The first part of this answer will address the type inference part of your question

The only place where a type is automatically inferred in your example is when calling the genericMethod.

The definition of genericMethod declares two generic type parameters: an unbound BT and T which should be a subclass of BT.

Type T will be inferred according to the rules specified in Java language specification section 18.2.4:

A constraint formula of the form ‹S = T›, where S and T are types, is reduced as follows:

...

Otherwise, if T is an inference variable, α, and S is not a primitive type, the constraint reduces to the bound S = α.

In your example you provide an object of type String as an argument of type T. According to the rule above, T will be inferred to be equal to String.
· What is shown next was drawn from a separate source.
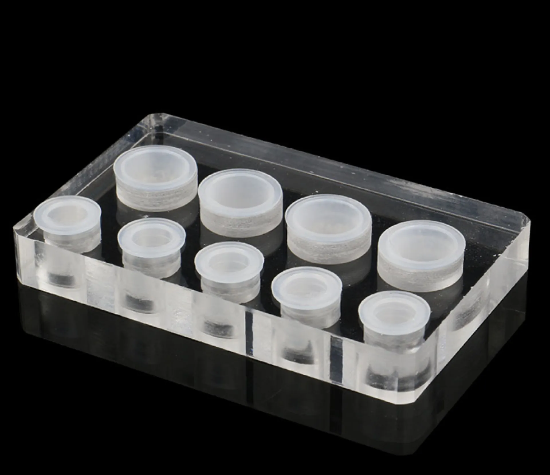Практична, стабилна стойка за пластмасови чаши с боя. Стойката е изработена от плексиглас и е лесна за поддръжка. Съдържа общо 4 отвора за чашки с размер M, но е възможно да се поставят и големи чашки "LARGE". В долната част има 5 отвора за малки чашки размер S.
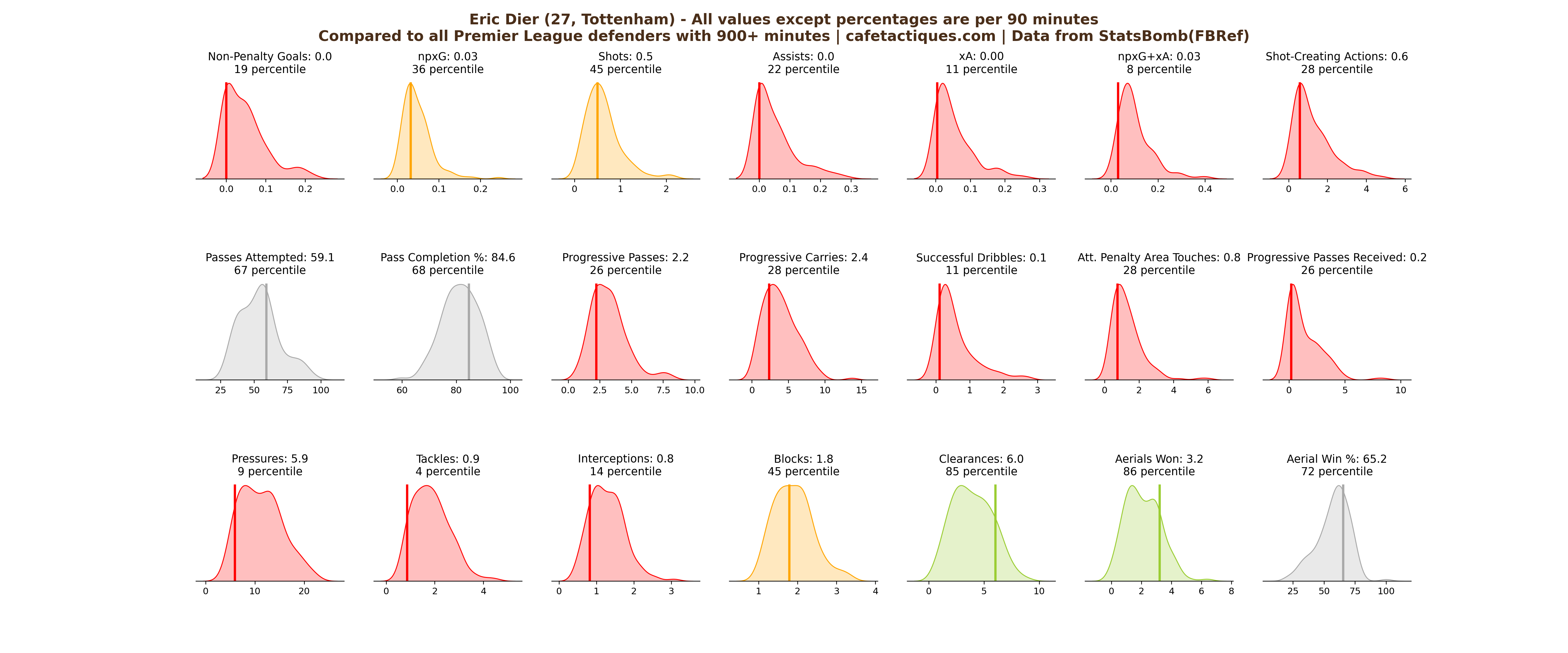 The figures below are show each player’s performance in 21 key statistics (first row for attacking statistics, middle row for midfield statistics, third row for defensive statistics), some of which are given in the radar chart above, and others which add more depth to our analysis. Each individual entry is the distribution for all comparable players, with the vertical line being the focal player’s performance. They are color-coded so that dark and light green are where a player performs at a high level, gray is relatively average, and orange and red are where the player is relatively poor.

Now that T is fixed, the inference will proceed with BT. This type is inferred by following section 18.3.1 which says that an expression of type:

T extends BT, T == String

implies

String extends BT

This relationship allows the compiler to bind BT to String, thus you end up with the following implied call:

genericMethod<String,String>("text")

Hope this clears things up a bit.

To answer the second part of your question:

and although T extends BT, these are different types, and GenericClass may have internal logic where the exact type name plays an important role (e.g. is used as a string key in some map etc).

Without adding more constraints, the compiler will treat T as equivalent to BT and will allow you to call only the methods defined as part of the BT type.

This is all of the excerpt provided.